The use of benchmark data for algorithmic assessment is standard in computer science 61 and benefits the replicability, fairness, and objectivity of the comparison while scaling up the design process of new techniques. 63 Benchmark data also enables the data-driven design of new models using machine-learning techniques. Benchmarking in visualization is not new for comparing algorithmic approaches, 64 but it is pretty novel when considering human judgment data. Once a benchmark of judgment data is set, it avoids investing unnecessary expert resources to design user studies and collect similar data, and it prevents the additional risk of failure in doing so.

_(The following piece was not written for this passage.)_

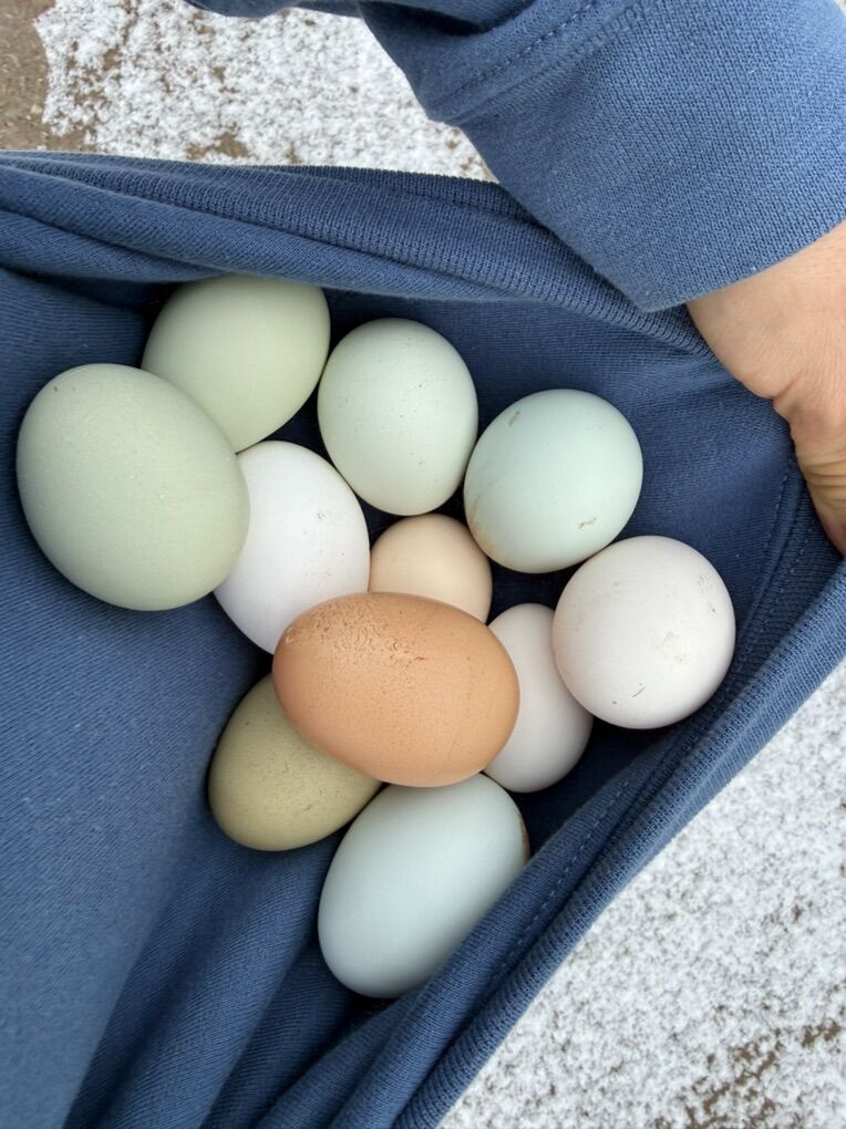 Nothing beats fresh eggs that haven’t been sitting on a shelf for months! Delicious taste and colorful, fun eggs to look at. These are gathered daily and have not been washed. They come from happy, healthy hens! If you return an egg carton, you get 50 cents off!
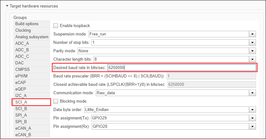 Set the peripheral block configurations for this model. Double-click on the blocks to open block parameter configurations. You can use the same parameter values if you want to run this example for other hardware boards.

By being able to re-use previously collected judgment data S1 and S2, our work demonstrates that it is possible to generate such benchmark data once and use them multiple times for the evaluation and the design of new VQMs. Hence, we advocate for including in the design process of quantitative user studies a reflection on the possibility to re-use the collected data beyond evaluation, to enable generating and training new models. How to develop such benchmark judgment data to facilitate their re-use in visualization design is a challenging research topic worthy of investigation.